-- RECORDS follows --
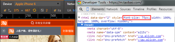 最后还有一个情况要说明,跟网易一样,淘宝也设置了一个临界点,当设备竖着时横向物理分辨率大于1080时,html的font-size就不会变化了,原因也是一样的,分辨率已经可以去访问电脑版页面了。
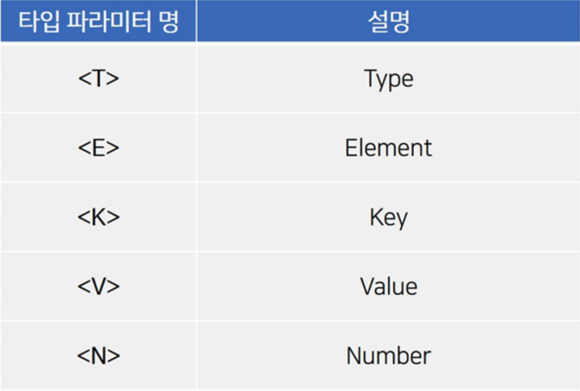 Type Parameter로 사용하는 변수들은 보통 아래와 같이 많이 사용한다.
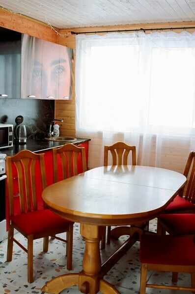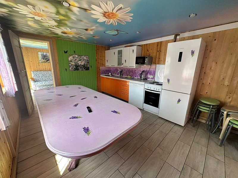 В доме есть вся необходимая техника: телевизор, плитка, микроволновка, чайник, холодильник. Посуда, белье, полотенца в необходимом количестве.
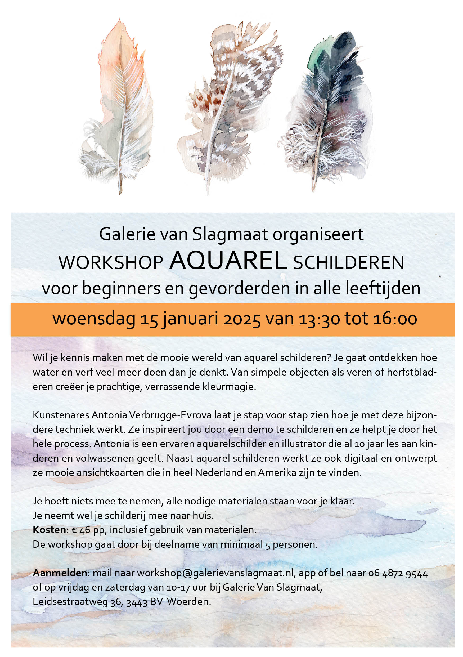 Op woensdag 15 januari 2025 geeft de Woerdense kunstenares Antonia Verbrugge-Evrova een hele leuke workshop Aquarel schilderen in de galerie! Klik op de flyer voor meer informatie.
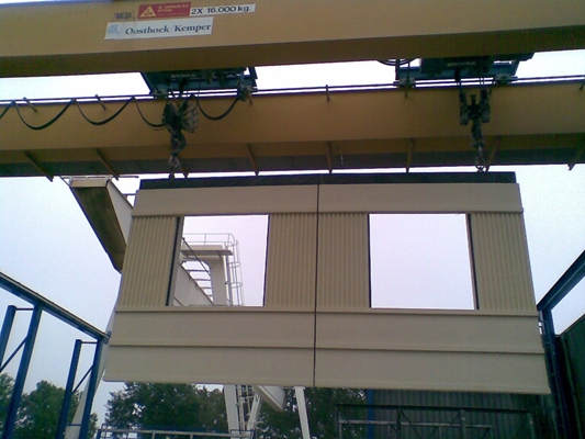 Zowel de draagconstructie als de gevels zijn geheel geprefabriceerd van betonnen elementen. Door deze elementen zowel horizontaal als verticaal van een profilering te voorzien wordt het ronde karakter van de gevels versterkt en de naden tussen de elementen gemaskeerd. De dragende gevels maken een flexibel in te delen plattegrond mogelijk en vergroten daarmee de levensduur van de gebouwen.
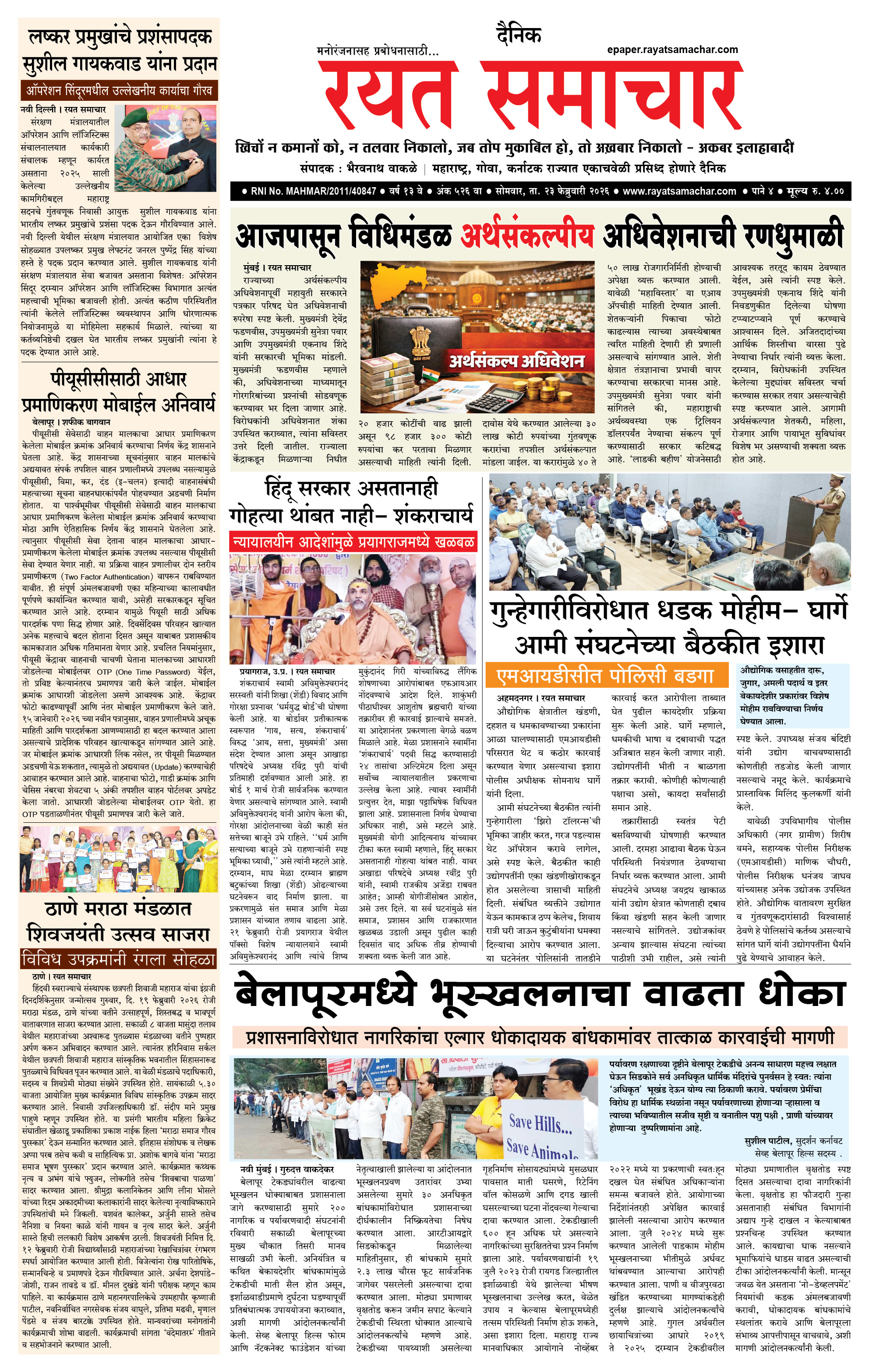 RSE: आजचा रयत समाचार वाचा 23 Feb 2026 मनोरंजनासह प्रबोधनासाठी.. February 23, 2026 << First << 1 2 3 4 >> Last >> Page 1Page 2Page 3Page 4 × RSE: आजचा रयत समाचार वाचा 23 Feb 2026 मनोरंजनासह प्रबोधनासाठी.. 1_MAIN PAGE2_CITY PAGE3_DISTRICT_PAGE4_MAHARSHTRA_PAGE << First << 1 >> Last >> 1_MAIN PAGE2_CITY PAGE3_DISTRICT_PAGE4_MAHARSHTRA_PAGE
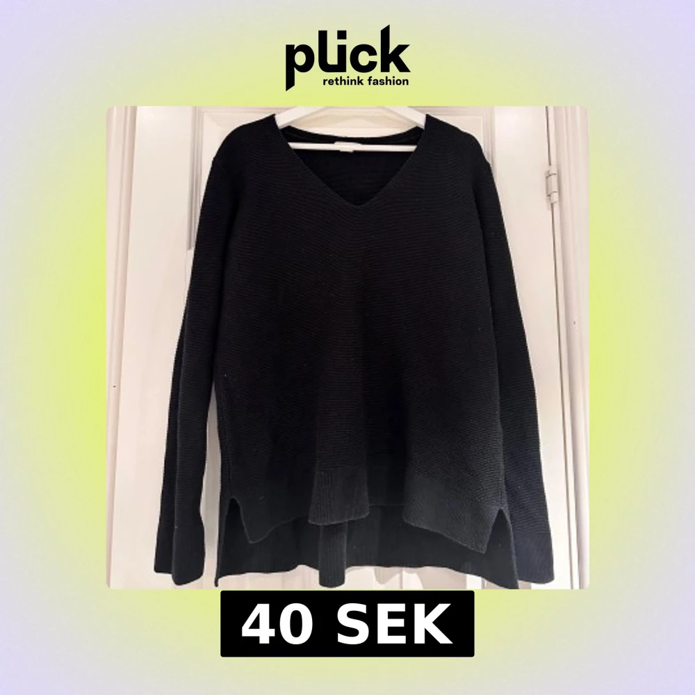 Svart stickad tröja från H&M storlek L! V-ringad och slits vid ärmslut och nertill på båda sidor💕 I gott skick!
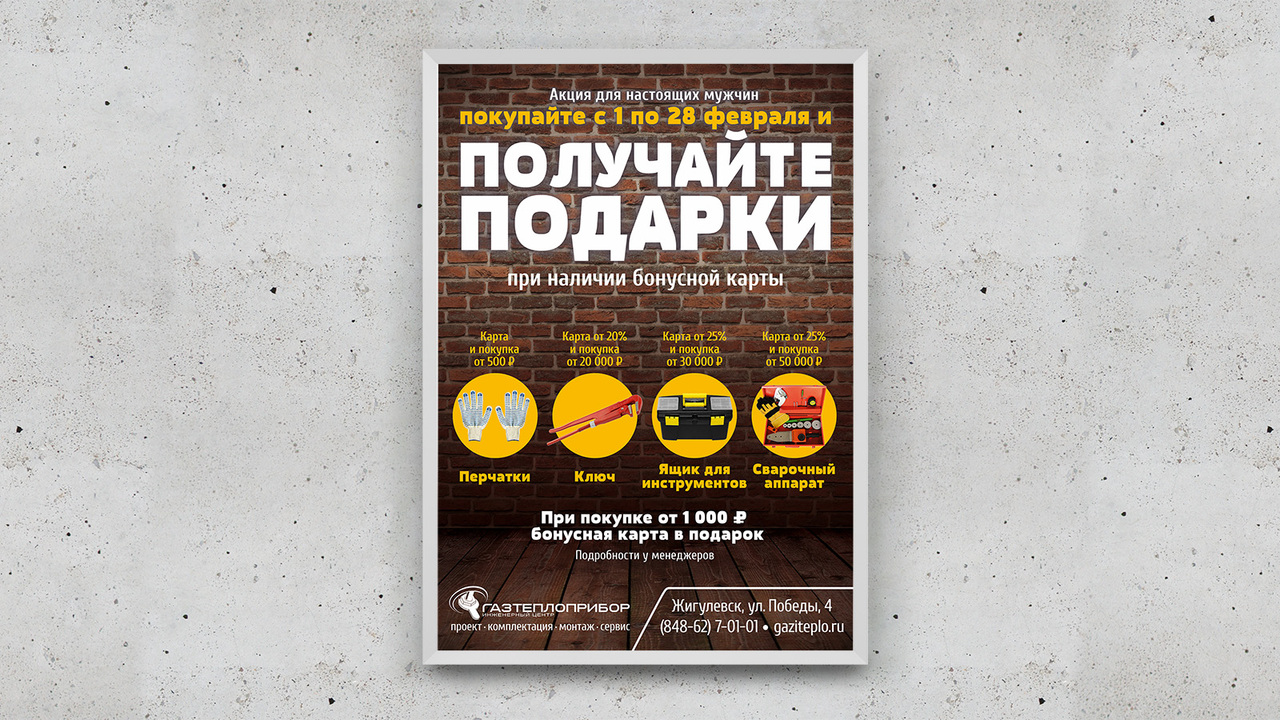 ЗАДАЧА: разработать материалы февральской акции для компании-продавца бытовых коммуникаций «Газтеплоприбор»
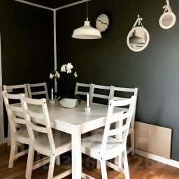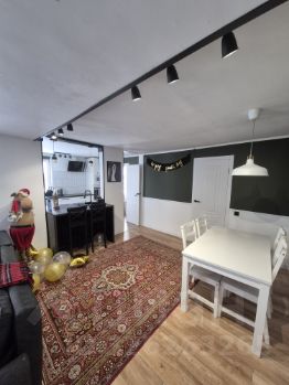 В доме просторная гостиная, разделенная на 2 зоны, зона столовой со столом на 8 человек и зона релакса с диваном и телевизором.
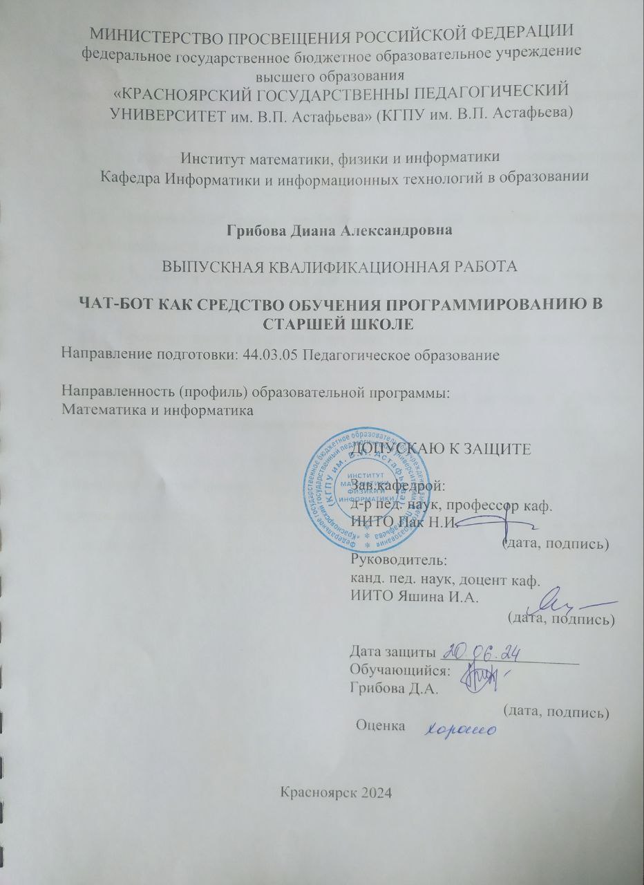 ЧАТ-БОТ КАК СРЕДСТВО ОБУЧЕНИЯ ПРОГРАММИРОВАНИЮ В СТАРШЕЙ ШКОЛЕ
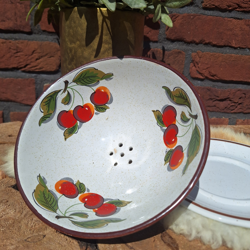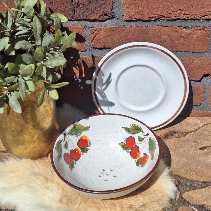 Vintage fruittest/ vergiet met schotel en kersen decor
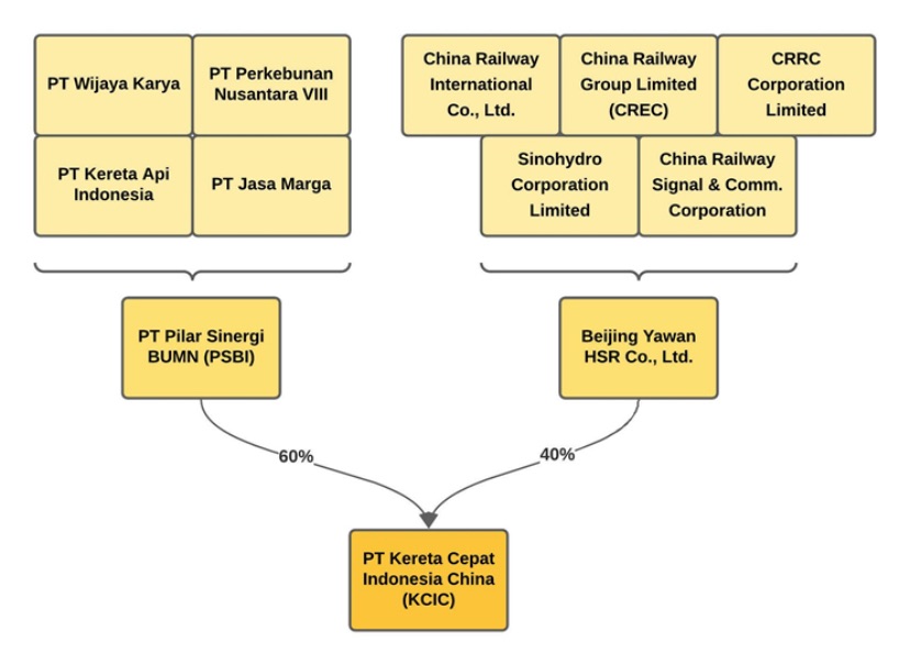 Ketika proyek kereta cepat Jakarta–Bandung dimulai tahun 2015, pemerintah berulang kali menegaskan bahwa pembiayaannya tidak menggunakan dana APBN dan tidak memerlukan jaminan pemerintah. Prinsip itu tertuang eksplisit dalam Perpres No. 107 Tahun 2015. Saat itu, alasan utama pemerintah memilih proposal Tiongkok dibanding Jepang adalah karena China Development Bank (CDB) bersedia memberikan pendanaan besar tanpa jaminan negara.Keduanya membentuk PT Kereta Cepat Indonesia China (KCIC) dengan komposisi saham 60% Indonesia, 40% China.
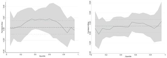 Figure 1 also shows that under the constraints of social security, different farmland transfer scales positively affect farmers’ fixed asset investment, offering a curve of rising volatility. The result shows that under the constraints of social security, the transfer of arable land among different quantiles will lead to the expansion of farmer’s fixed investment, and the larger the scale of the inflow, the higher the amount of farmers’ fixed investment. The possible reason is that modern agricultural development in farmers with fixed agricultural investments is relatively high. The allocation of rural factors is somewhat sufficient and reasonable, and increased farm productivity and return rates can be achieved. Generally, they have solid agricultural production willingness, and families result from satisfying income from farm production and hope to increase wealth through farmland inflow. As the expansion of fixed investment is one of the necessary conditions for large-scale agricultural production, these farmers will expand fixed investment after farmland inflow. Therefore, the regression coefficient is generally positive and fluctuates slightly.
-- RECORDS concluded --
__WHAT IS REQUIRED__
Your answer must be the lines from the opening line of the entries through the line holding "Zowel de draagconstructie", written out exactly and without any picture.

__EXERCISE ANSWER__
 最后还有一个情况要说明,跟网易一样,淘宝也设置了一个临界点,当设备竖着时横向物理分辨率大于1080时,html的font-size就不会变化了,原因也是一样的,分辨率已经可以去访问电脑版页面了。
 Type Parameter로 사용하는 변수들은 보통 아래와 같이 많이 사용한다.
 В доме есть вся необходимая техника: телевизор, плитка, микроволновка, чайник, холодильник. Посуда, белье, полотенца в необходимом количестве.
 Op woensdag 15 januari 2025 geeft de Woerdense kunstenares Antonia Verbrugge-Evrova een hele leuke workshop Aquarel schilderen in de galerie! Klik op de flyer voor meer informatie.
 Zowel de draagconstructie als de gevels zijn geheel geprefabriceerd van betonnen elementen. Door deze elementen zowel horizontaal als verticaal van een profilering te voorzien wordt het ronde karakter van de gevels versterkt en de naden tussen de elementen gemaskeerd. De dragende gevels maken een flexibel in te delen plattegrond mogelijk en vergroten daarmee de levensduur van de gebouwen.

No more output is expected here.